Dr. Francis S. Collins

Finally, Dr. Francis S. Collins will continue as director of the National Institutes of Health. He was appointed the 16th Director of the NIH by President Barack Obama in 2009 and President Trump elected that he continue in the role in 2017.

Dr Collins is best known for his discoveries of disease genes and his leadership of the international Human Genome Project, which achieved a mapping of all the genes of the human genome. He served as director of the National Human Genome Research Institute at NIH from 1993-2008.

What does “elevated to cabinet” mean?

Eric Lander’s role as director of the OSTP is a position that will be promoted to cabinet status. This has never happened before; usually the role sits within in the Executive Office of the President. The EO of the president communicates the president's message and deals with the federal budget, security and other high priorities. Other offices within the EO of the president include the offices of the National Security Council, Drug Control Policy and Economic Advisors.

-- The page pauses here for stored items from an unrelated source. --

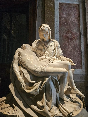 나는 피에타의 못 박힌 예수의 발을 눈길로 어루만지며 잠시 기도를 했다.
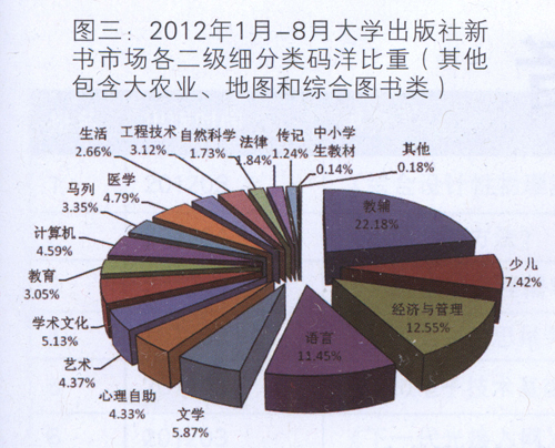 对比2012年1月-8月大学出版社新书市场各二级细分类的码洋比重(图三)可见,图二显示的整体市场码洋比重靠前的类别在新书市场也排名靠前,其中,少儿类、文学类和心理自助类图书在新书市场表现良好,尤其是文学类图书,相较于整体市场3.09%的码洋比重,新书市场份额接近6%。在新品市场中,这些并非大学出版社传统优势门类的细分类给出版社的码洋贡献十分突出。
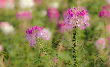 Purple and white Cleome Spinosa or Spider flower blooming field.
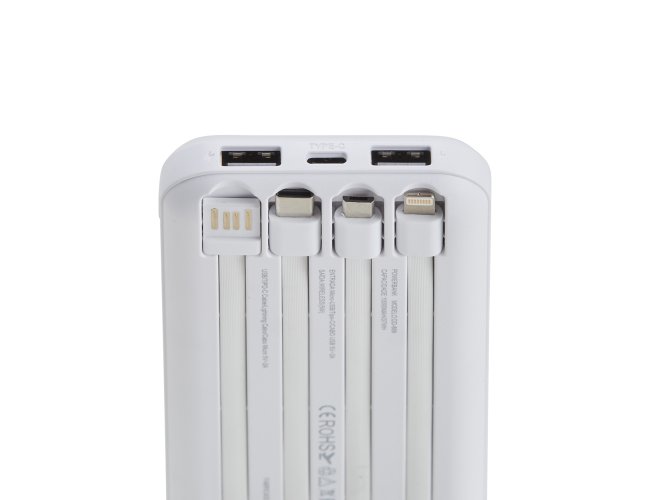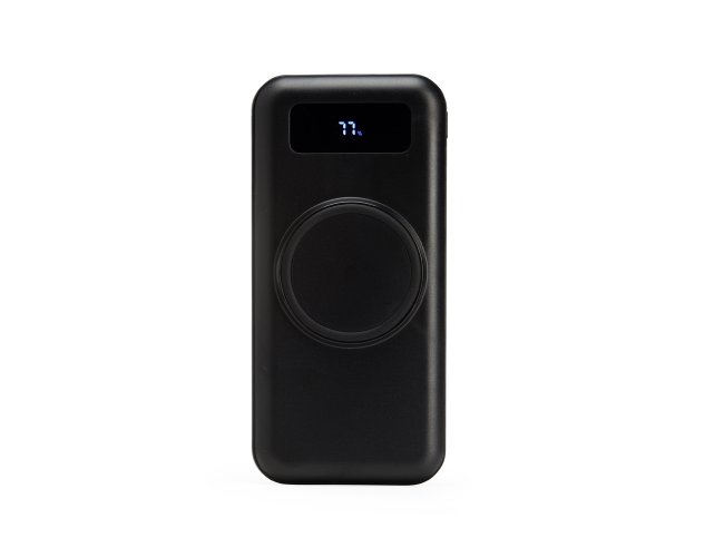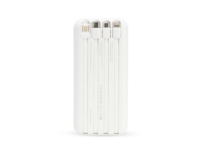 Carregador portátil power bank com 10.000mAh e carregamento via indução ou via cabo. Com display digital indicador de bateria, o carregador contém quatro cabos acoplados: Lightning, Tipo-C, V8 e saída USB para o carregamento da própria bateria. Portas de entrada: V8, Tipo-C e duas portas USB.
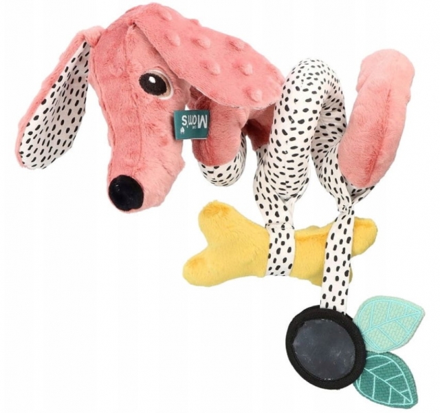 Jemný zvuk hrkálky poskytuje sluchové a zrakové podnety, vzbudzujúce záujem najmenších. Špirála zavesená pri každom kočíku sa stane jeho neodmysliteľným prvkom.
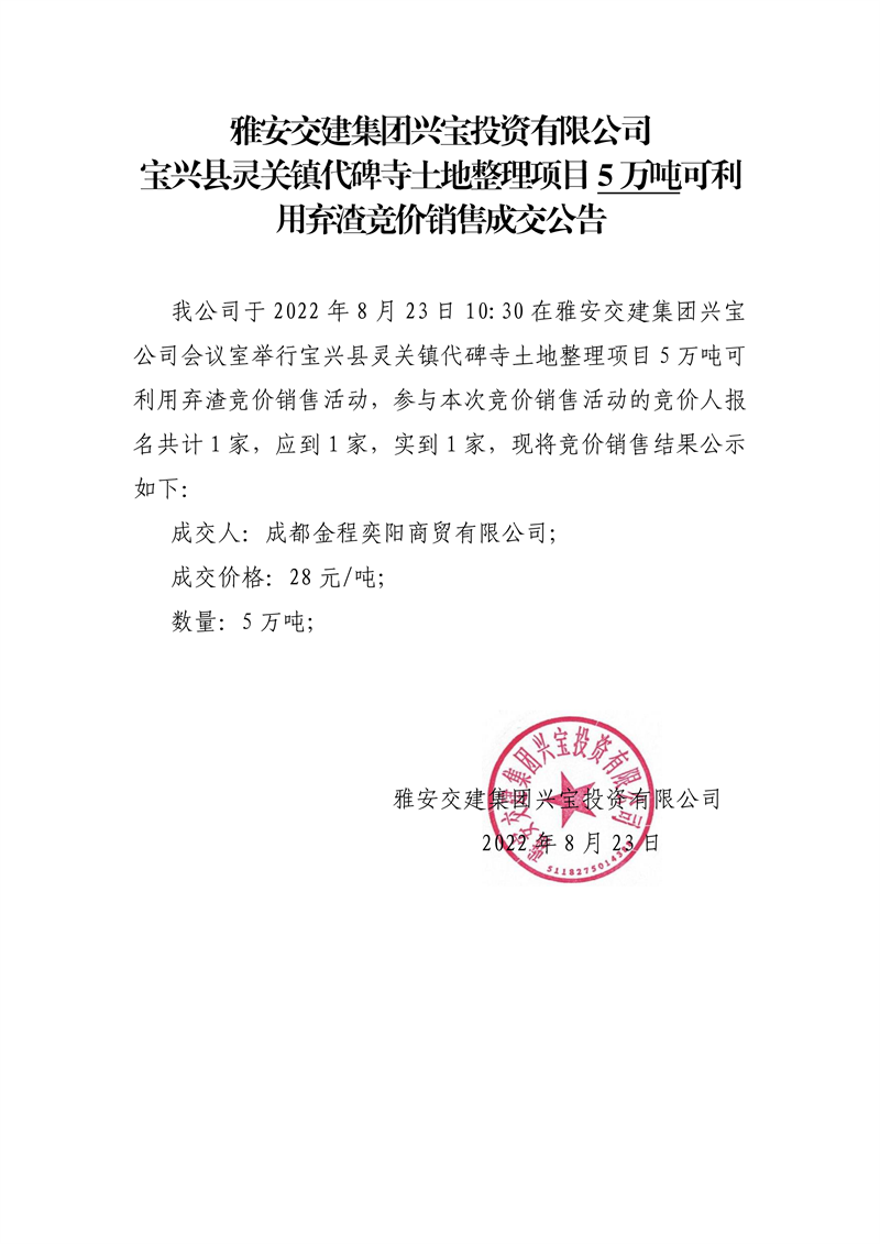 雅安交建集團興寶投資有限公司寶興縣靈關鎮(zhèn)代碑寺土地整理項目5萬噸可利用棄渣競價銷售成交公告(8.23)
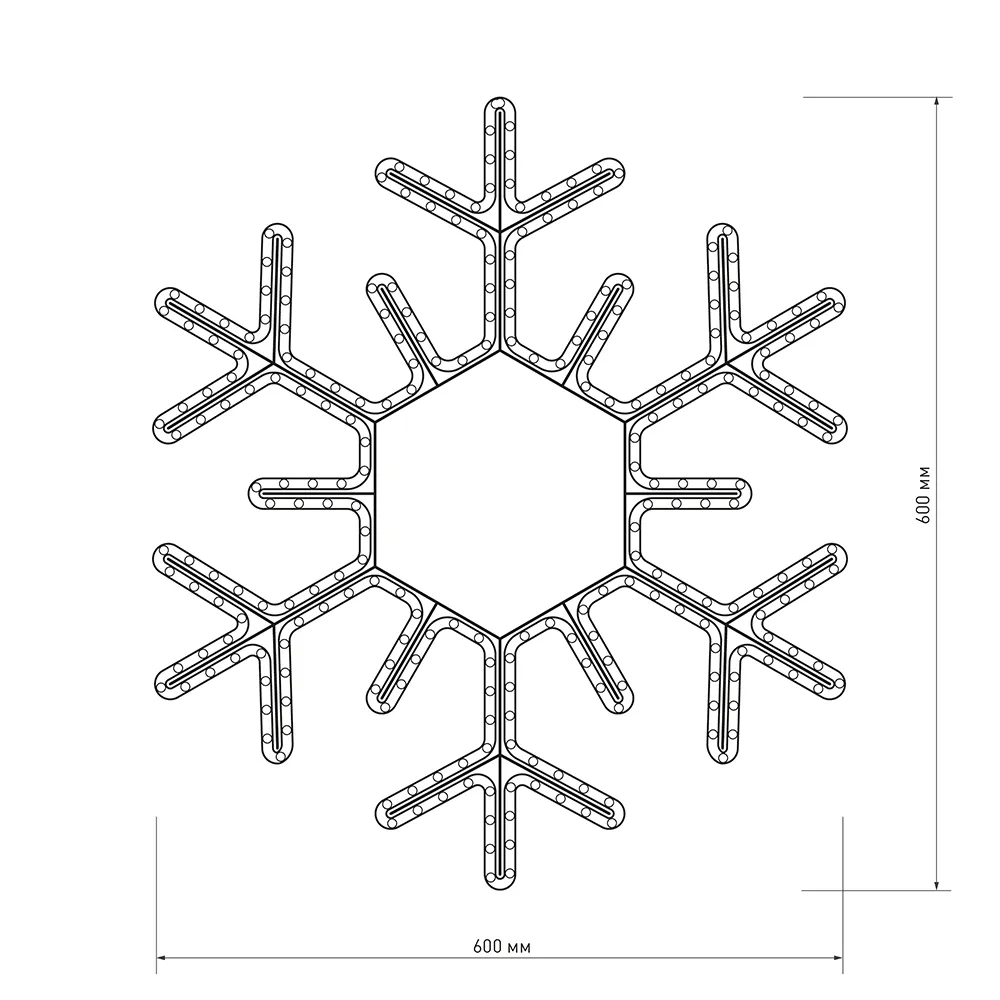 Светодиодная фигура СНЕЖИНКА. Размер 600x600 мм. Цвет светодиодов БЕЛЫЙ (6000 К), постоянное свечение. 216 светодиодов. Напряжение питания 230 В, потребляемая мощность 15 Вт, степень пылевлагозащиты IP65. Фигура укомплектована проводом питания для подключения к сети 230 В (без вилки питания).
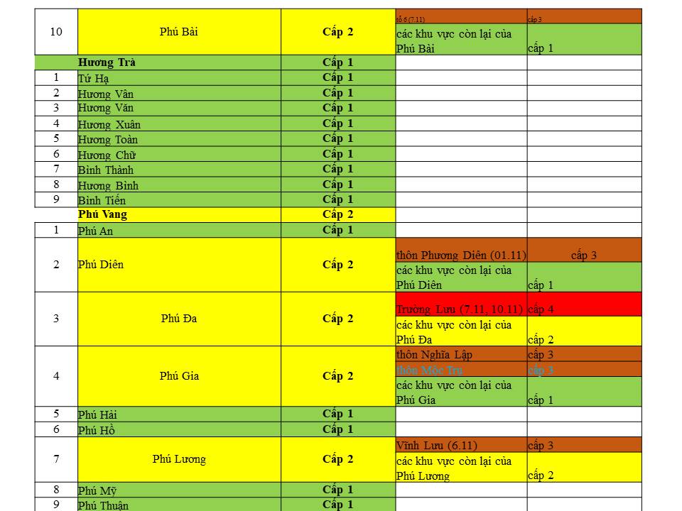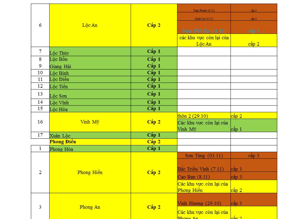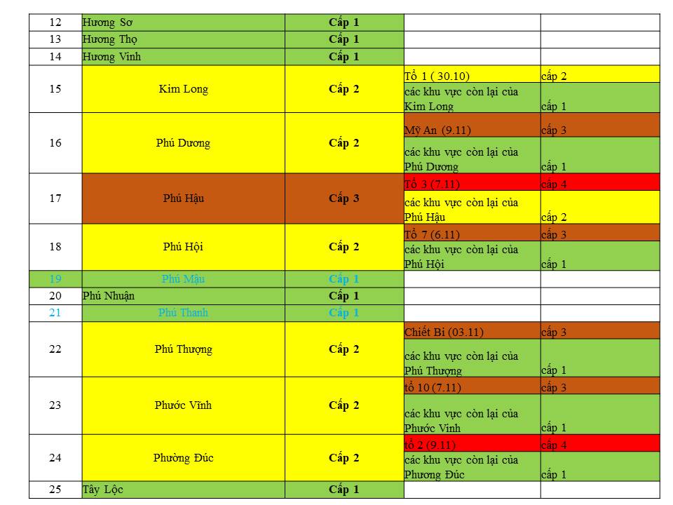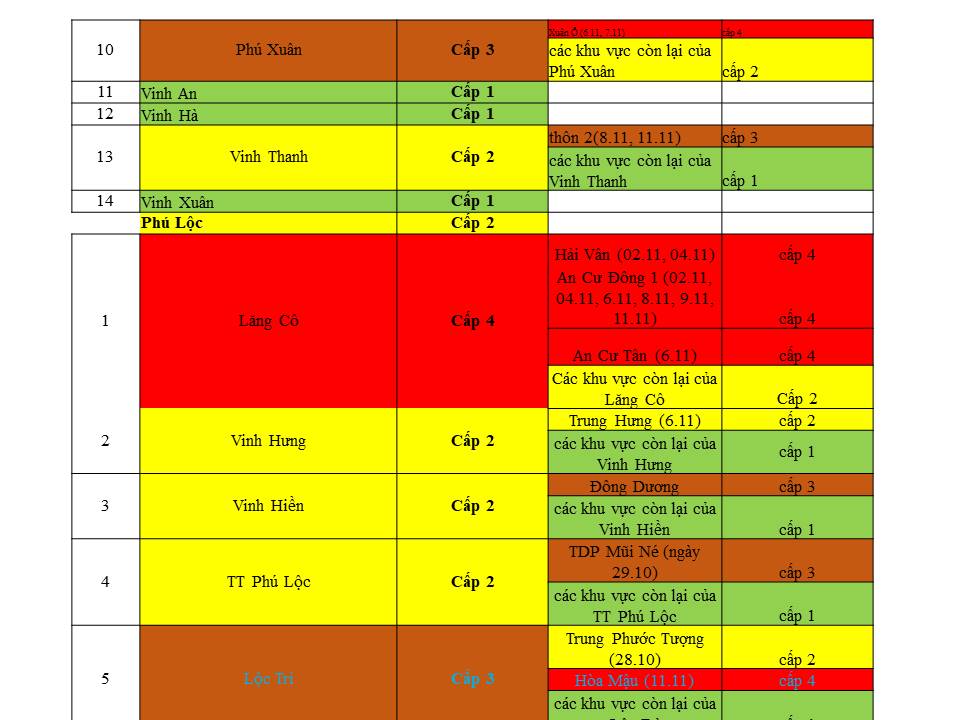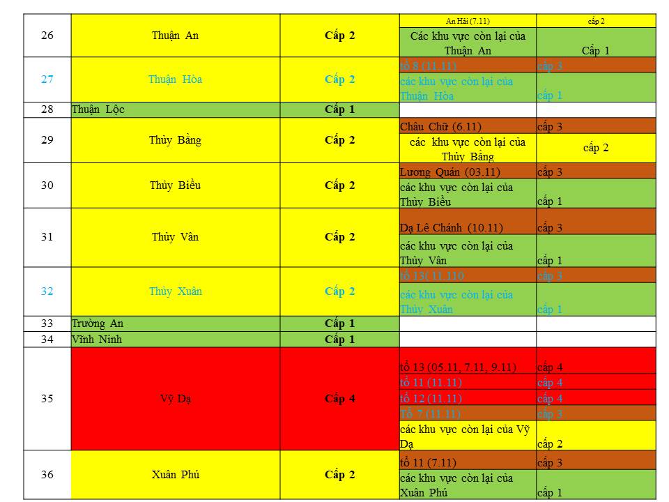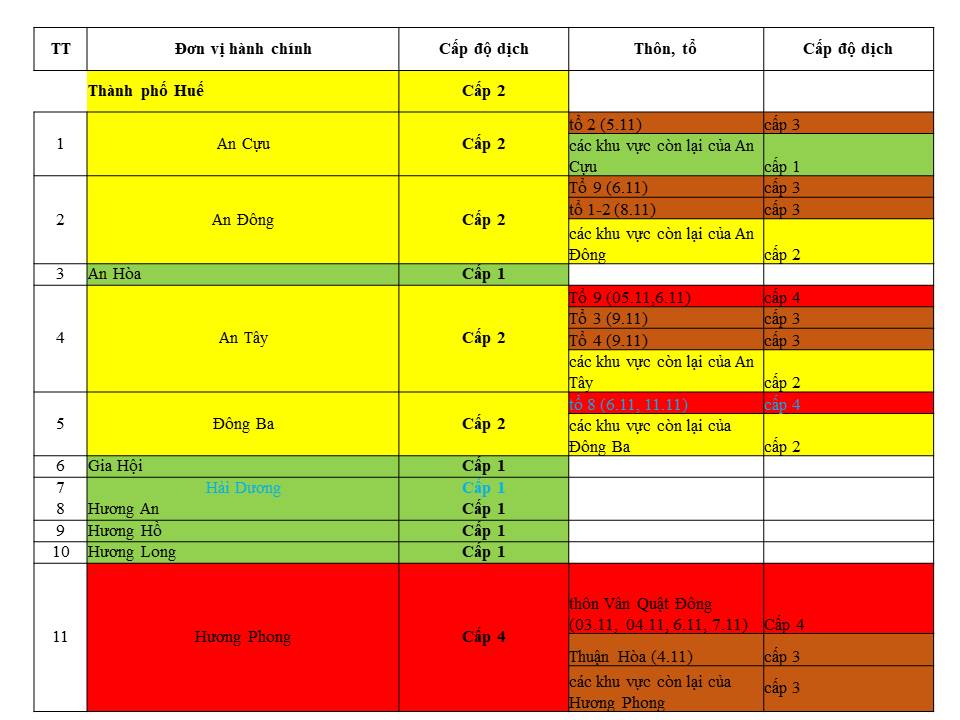 Cấp độ dịch ngày 11/11/2021 tại Thừa Thiên Huế
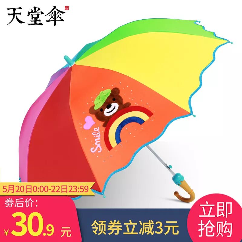 天堂伞 黑胶防晒直柄可爱儿童彩虹伞 价格下方领3元券后30.9包邮
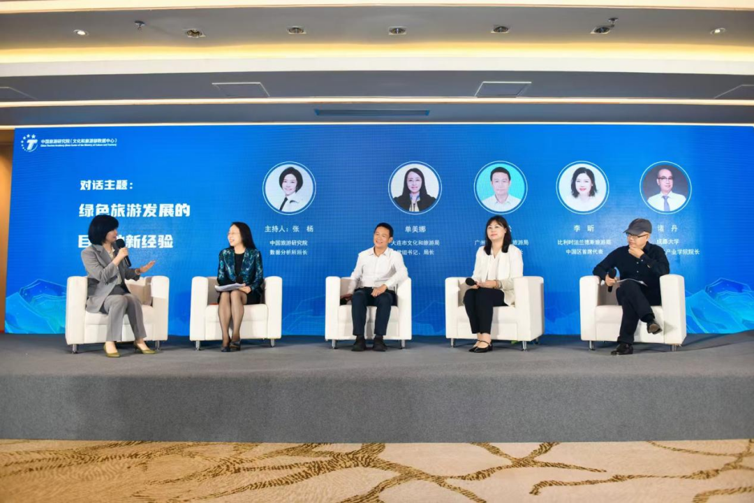 “绿色旅游开展的目的地新经验”专题对话环节,张杨所长与大连市文化和旅游局党组书记、局长单美娜,广州市文化广电旅游局党组成员、副局长吴青松,比利时法兰德斯旅游局中国区首席代表李昕,成都大学旅游与文化产业学院院长诸丹进行了专题研讨,对话嘉宾从对绿色旅游的内涵认知、目的地建设顶层设计、产品开发、项目引进、供给激励、公众引导、未来趋势等各个方面,分享了各自城市的做法与亮点。

In contrast, cabinet members - which Lander will become should his nomination be confirmed - serve as advisors to the president. They include the vice president, chief of staff, heads of executive departments and other high-ranking government officials such as secretary of state and the director of national intelligence. Cabinet members are nominated by the president and must be approved by a simple majority of the Senate.

In his unveiling event Biden explained "For the first time in history, I'm going to be elevating the presidential science adviser to a Cabinet rank, because we think it's that important."

Biden’s historic move could not be in starker contrast to Donald Trump’s approach to science; the position Lander will fill sat vacant for nearly two years under Trump.

It seems clear that the president-elect’s intention is to send a strong message to the American people - that science, often ignored or even ridiculed during the Trump administration, has a crucial place in the Biden-Harris administration and will exert a certain influence on its policies.